Atualmente, como é sabido, são cometidas verdadeiras atrocidades e barbaridades a título de “trote”, muitas das quais acabam frequentando as páginas policiais. Acho que isto ocorre em grande parte por conta da leniência das autoridades universitárias, que alegam que os fatos ocorreram fora do campus, o que nem sempre é verdade. De outra parte, é possível que alguns dos calouros aceitem tarefas absurdas com a expectativa de que no próximo ano será a vez deles protagonizarem as brincadeiras pesadas. Estabelece-se, portanto, um ciclo vicioso.
Nem sempre foi assim. Como será visto a seguir, a recepção que a UFRGS preparou para os “bixos” de 1965 foi algo tão civilizado e tão bem programado que, à luz do que acontece hoje em dia, parece ter sido organizada pelo cerimonial do Palácio de Buckingham, da casa real britânica.
Como se costuma dizer que uma fotografia vale por mil palavras, serão elas que a seguir vão contar a história.
A recepção

A parte principal da comemoração constou de uma gincana realizada no Clube Cantegril, de Porto Alegre, em 20/03/1965. Um ônibus da universidade nos levou até lá.

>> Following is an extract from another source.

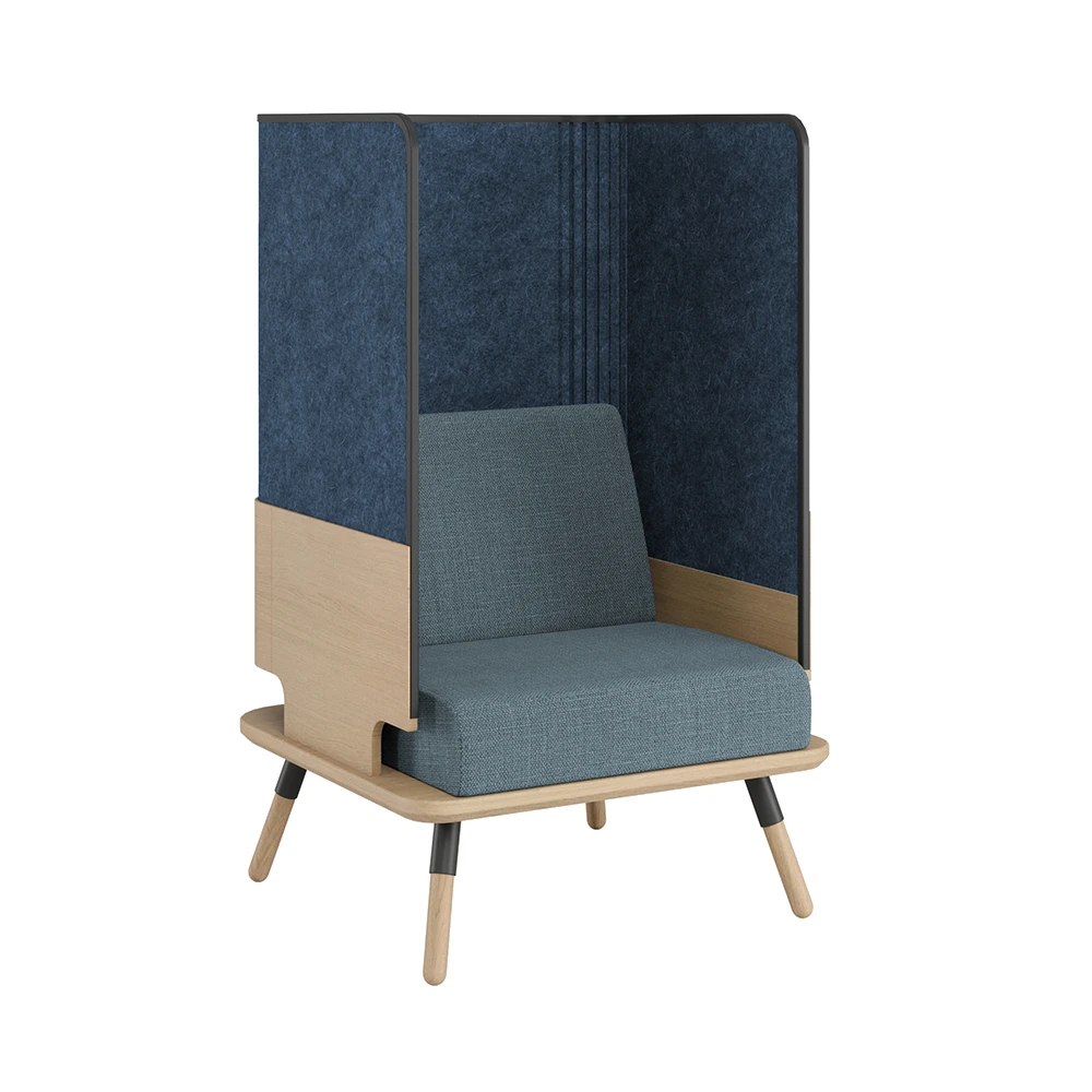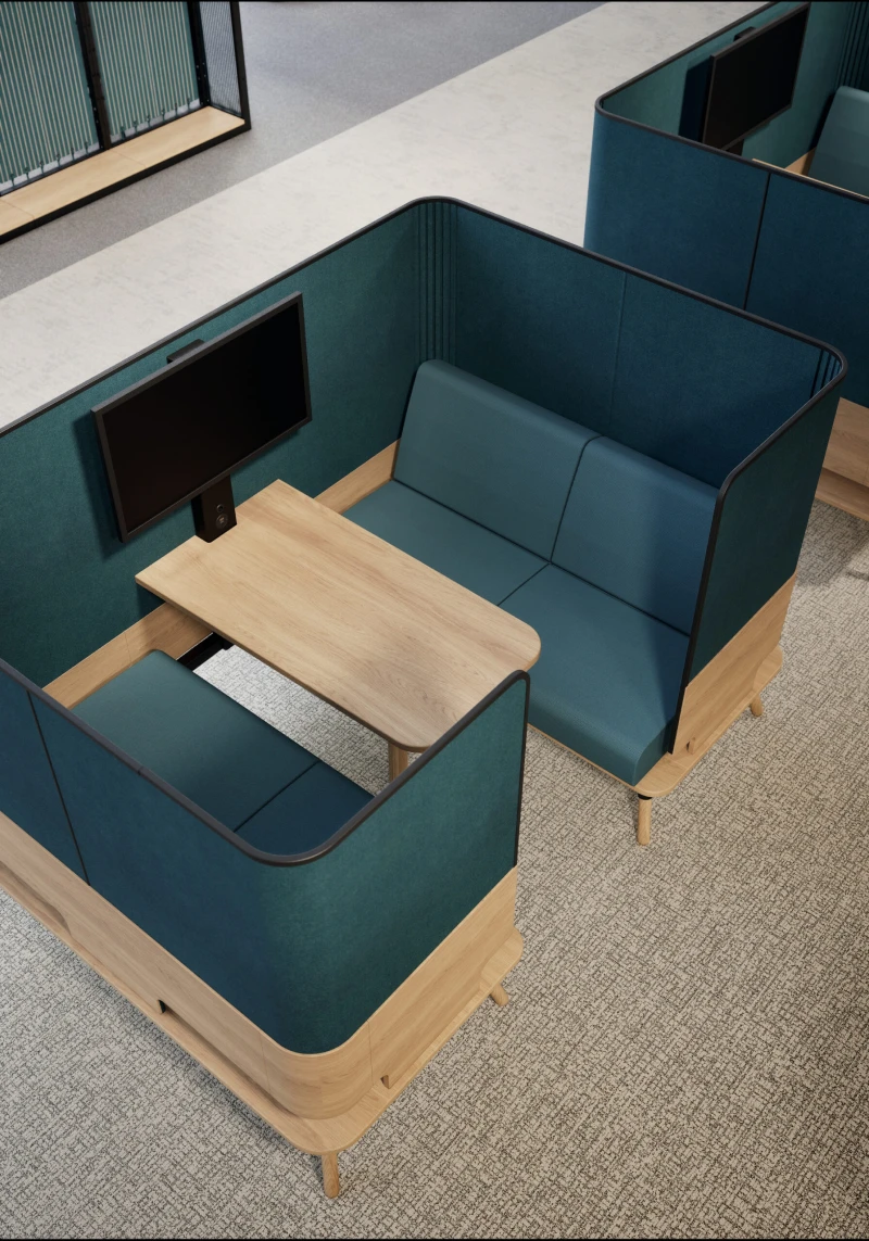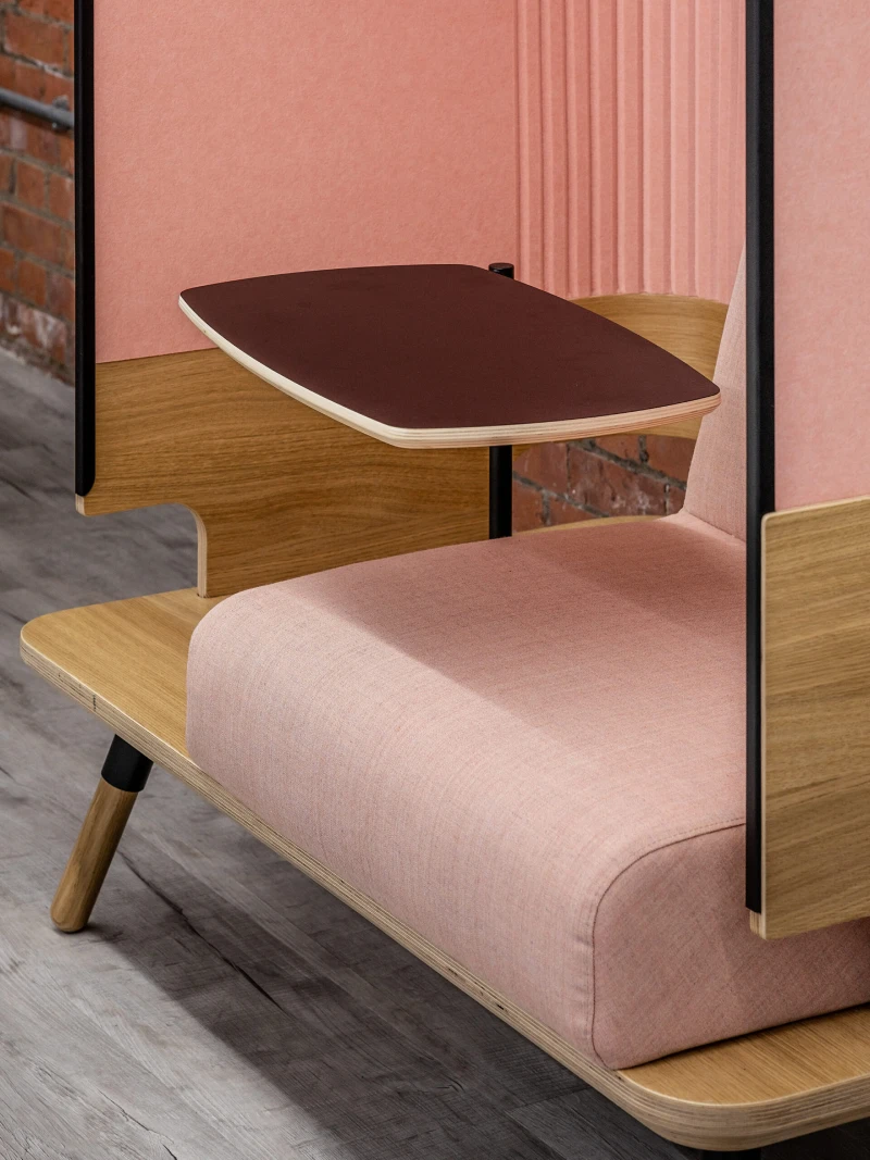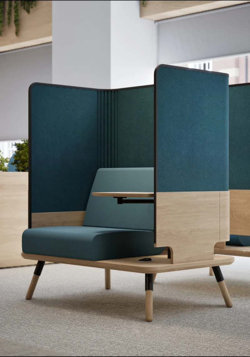 System siedzisk Drift został zaprojektowany z myślą o skupionej pracy i współpracy, oferując akustyczną oraz wizualną prywatność. Wysokie oparcie wykonane z filcu PET, pochodzącego w 50% z recyklingu butelek, skutecznie tłumi hałas i tworzy komfortową przestrzeń. Ekologiczne materiały, solidna dębowa podstawa oraz opcjonalny panel multimedialny sprawiają, że Drift to idealne rozwiązanie do nowoczesnych biur i stref relaksu.

     Em cima, no lado direito, em pé, Mario Riedl (veterano na época e posteriormente docente da UFRGS). Em baixo, também no lado direito, André Forster (veterano e depois líder estudantil e político, já falecido)

Fila de entrada no Clube, quando já estávamos identificados como calouros 

 
Kit de recepção: cada calouro recebia um cartãozinho com uma frasezinha de estímulo no estilo auto-ajuda (desenhado e escrito à mão; veja-se a trabalheira que deu)

 
O bonezinho da Faculdade de Filosofia era outro componente do kit distribuído aos calouros

 
O tempo é cruel e inexorável (I): o bonezinho continua o mesmo. Mas, só o bonezinho... A primeira foto é de 1965 e a segunda de 2011

 
 O tempo é cruel e inexorável (II): o cartaz de identificação dos calouros mencionava o nome de um cientista social que seria seu patrono intelectual. Coube a mim a antropóloga Margaret Mead. 

 
Nas dependências do Cantegril. Do meu lado o colega Geraldo Müller. Tentei ser um visionário antecipando em algumas décadas o prestígio que teriam os descamisados atores globais. Não deu certo.
 
Final da festa
Ainda teve mais

As cerimônias de recepção aos calouros envolviam outras atividades sociais, a exemplo dos torneios de futebol com as demais faculdades.
 Nossa equipe de futebol society. Estou na posição de ponta-esquerda. Em cima, ao lado do goleiro, um de nossos colegas que era padre jesuíta (que, como bom soldado da Companhia de Jesus, batia firme).
Equipe de futebol de campo. O local era o Estádio da Montanha, do Cruzeiro, que muitos anos depois foi vendido pelo clube e transformado em um cemitério vertical. Estou na fila de baixo, abraçado ao técnico do time.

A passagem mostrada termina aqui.